Food and nutrition during a dry cycle with Winstrol

Before-after and advice on cure steroids Winstrol Mickael - Marseille - Bouches du Rhône
August 29 2014
Food and Nutrition for Weight Loss Winstrol Cycle
November 14 2014

Winstrol cycle to dry: Food and Nutrition to adopt

La slimming is this period that generally follows a mass outlet. Its purpose is to strengthen your body and lose fat without touching your muscles. In addition to a good training, Food quality is paramount for the best result. To tap into fat, the number of daily calories must be less than the number of calories burned for the body to use fat reserves. The difficulty of this program is that it takes your body uses only the fat reserves without destroying your muscles to provide energy.
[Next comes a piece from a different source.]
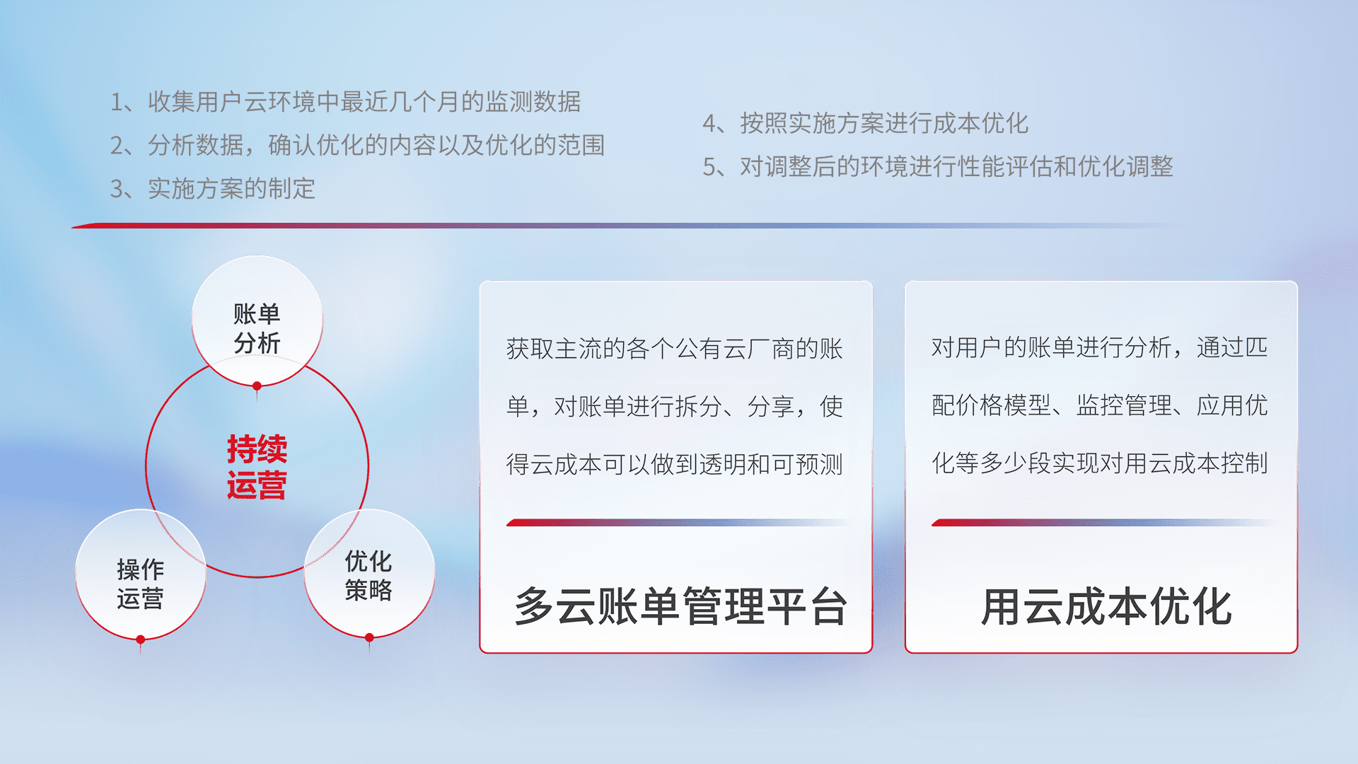 通过多云纳管,,以统一的资源数据模型把客户的云资源进行抽象和封装,,,进而实现对多云资源的统一操作,,保障云资源管理的可靠性、、、、稳定性与可用性。。量身定制化运维内容,,,配置、、、开发运维、、、、补丁管理、、备份、、监控、、认证和访问管理、、审计和日常巡检等,,,,保障在用云过程中的可靠度,,稳定度以及高可用率。。。。

THE'carbohydrate intake must progressively decrease the benefit of food and food supplements rich in protein and amino acids that are potent catabolic. Contributions should remain steady but moderate amounts and at glycemic index low to cause no storage form of fat.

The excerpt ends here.